Luckily for those who came after, UConn survived those turbulent years. Yet that intense period of upheaval, unrest, and experimentation left a lasting legacy on the Storrs campus. Much of that legacy has furnished material for the recent Archives & Special Collection exhibit, Day-Glo and Napalm: UConn from 1967 to 1971, guest curated by alumnus George Jacobi.

If the recent exhibit has piqued your interest in learning about how the 1960s shaped the University of Connecticut, Archives & Special Collections has a wealth of archival material that may interest you. Among the relevant collections are:

President’s Office Files. The collection comprises extensive material relating to each presidential administration at UConn. The records of President Homer D. Babbidge (1962–1972) are especially relevant. Many of the most significant events from this period occurred under his tenure, and his office files, as well as those from others in his administration, shed light on key events. Especially useful is the correspondence received by the president’s office, which provides insight into how community members viewed this period of campus unrest. The finding aid can be found at: https://archivessearch.lib.uconn.edu/repositories/2/resources/789

Crisis at UConn. The confluence of events at UConn in the late 1960s and early 1970s turned out to be so unprecedented that the administration commissioned a report to study the situation. The report, titled Crisis at UConn, provides useful background and supporting material on the events of the period. The finding aid can be found at: https://archivessearch.lib.uconn.edu/repositories/2/resources/324

Student and Student Organization Newspapers, Publications and Periodicals:

Connecticut Daily Campus and the UConn Free Press.There are few better sources to study the daily activities on campus than student publications.
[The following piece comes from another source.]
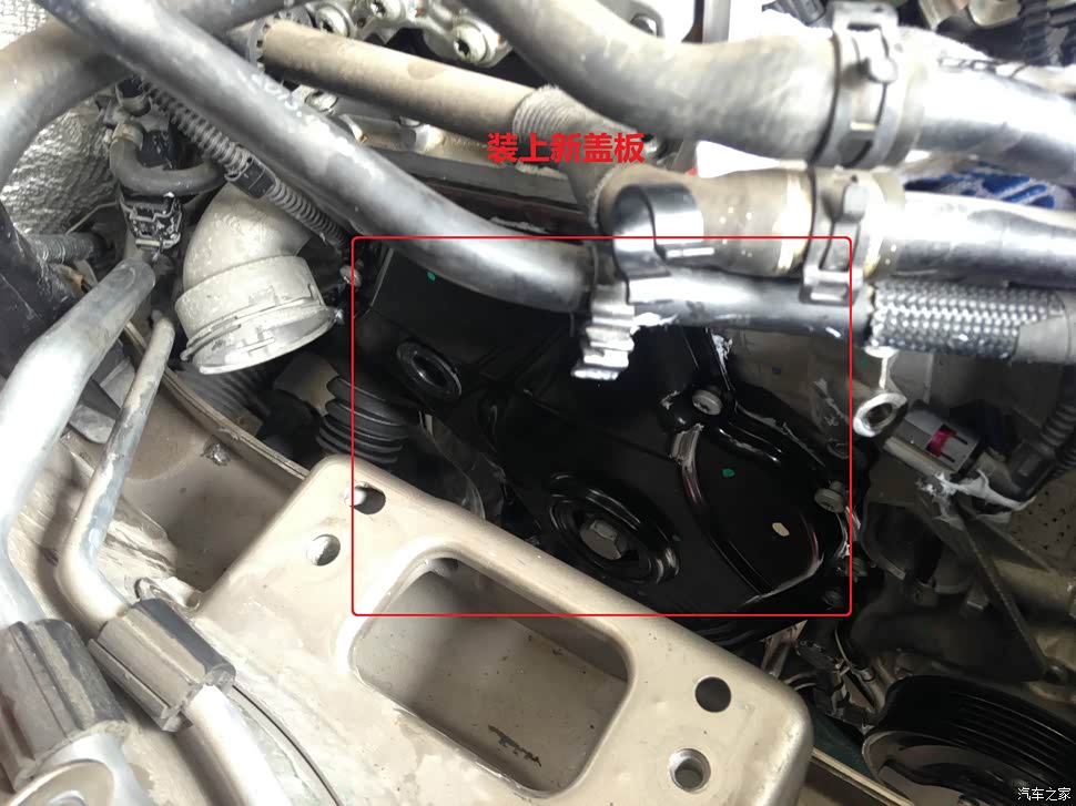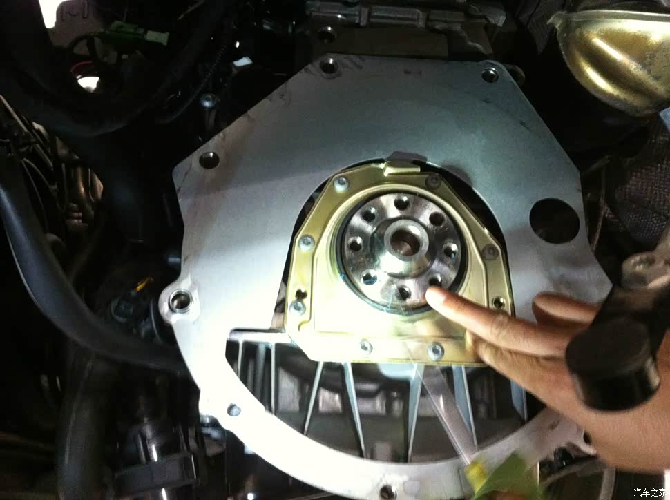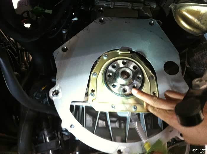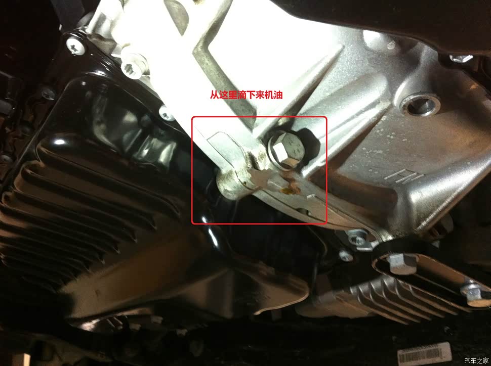 果断索赔,最终查到是下图这个位置的漏了,由于后曲轴油封没密封好导致的。重新拆下打密封胶并且更换所有螺丝就好。看似小毛病,修起来真麻烦,要抬下变速箱发动机和四驱系统,两个师傅配合整整忙了一天,看车新车被大卸八块,真的有点心疼。后来经过论坛上交流,发现那批次的车都有这个问题,通病,后来的批次就解决问题了。

Especially relevant, in this respect, are the digitized copies of the Connecticut Daily Campus, the name of the student newspaper at the time (now simply the Daily Campus). Along with the official student newspaper, archivist have also painstakingly digitized alternative publications like the UConn Free Press. Digitized versions of the periodicals are available here: http://hdl.handle.net/11134/islandora:campusnewspapers

Nutmeg. Along with student publications, the Nutmeg, the University of Connecticut’s student yearbook, provides another useful source of information on this period. In particular, it provides a rich visual source for events at the time, as well as yielding significant information about student clubs, organizations, events, and the student body more generally. Digitized versions of the yearbook are available found here: http://hdl.handle.net/11134/20002:02653871

Inner College Collection. One product of the upheaval at Storrs during this period was the Inner College, an experiment in alternative education founded by students and faculty in 1969. This collection contains publications produced by the Inner College faculty and students documenting the radical experiment in democratic education at UConn. The finding aid can be found at: https://archivessearch.lib.uconn.edu/repositories/2/resources/971

Husky Handjob. Along with the official student newspaper, a number of alternative publications, such as the aforementioned UConn Free Press, appeared during these tumultuous years. The Husky Handjob provides an irreverent, radical alternative to the Daily Campus for researchers interested in a more direct line to the student movement at UConn. Digitized versions of the periodical are available here: http://hdl.handle.net/11134/20002:860224315

African American Cultural Center. Periodicals produced by staff and students affiliated with the African American Cultural Center can also usefully supplement the official and alternative publications mentioned above. In particular, the student-produced journal Contact documents black student activism on campus, such as an occupation of the university library by black students in 1974. Digitized versions of the periodicals are available here: http://hdl.handle.net/11134/20004:AACC

Alternative Press Collection. The Alternative Press Collection (APC) includes thousands of national and international newspapers, serials, books, pamphlets, ephemera and artifacts documenting activist themes and organizations from the 1800s to the present. Among the APC files can be found archival materials related to activism and unrest on campus, such as files produced by the UConn-chapter of Students for a Democratic Society (SDS), files produced by the coalition of black students (The Coalition) who occupied the UConn library, and files related to the Inner College (IC). The best way to consult the APC files is to use the card catalog available at Archives & Special Collections, though digital lists of available materials can be found here: http://hdl.handle.net/11134/20002:19920001APCFiles

Howard Goldbaum Collection. The photographs contained in the newly-acquired Howard Goldbaum Collection provide a rich visual document of campus upheavals in the late 1960s and early 1970s. A student photographer who worked for the Connecticut Daily Campus, Goldbaum’s photographs provide a raw, intimate portrait of campus unrest and wider student activism during the period. Digitized items draw from the collection are available here: http://hdl.handle.net/11134/20002:201900750078

Diary of a Student Revolution. When it comes to visual material, few documents provide a more rewarding viewing experience than the documentary Diary of a Student Revolution. The film was made in 1969 for National Educational Television (NET), the predecessor to the Public Broadcasting System (PBS), and its program “NET Journal,” the forerunner of today’s PBS shows “Frontline,” “POV,” and “Independent Lens.” It documents protests led by the UConn-chapter of Students for a Democratic Society (SDS) against on-campus recruitment by companies such as Dow Chemical. A digitized version of the film is available to watch here:  http://hdl.handle.net/11134/20002:860070394

We invite you to view these collections in the reading room at Archives & Special Collections. Our staff is happy to assist you in accessing these and other collections in the archives.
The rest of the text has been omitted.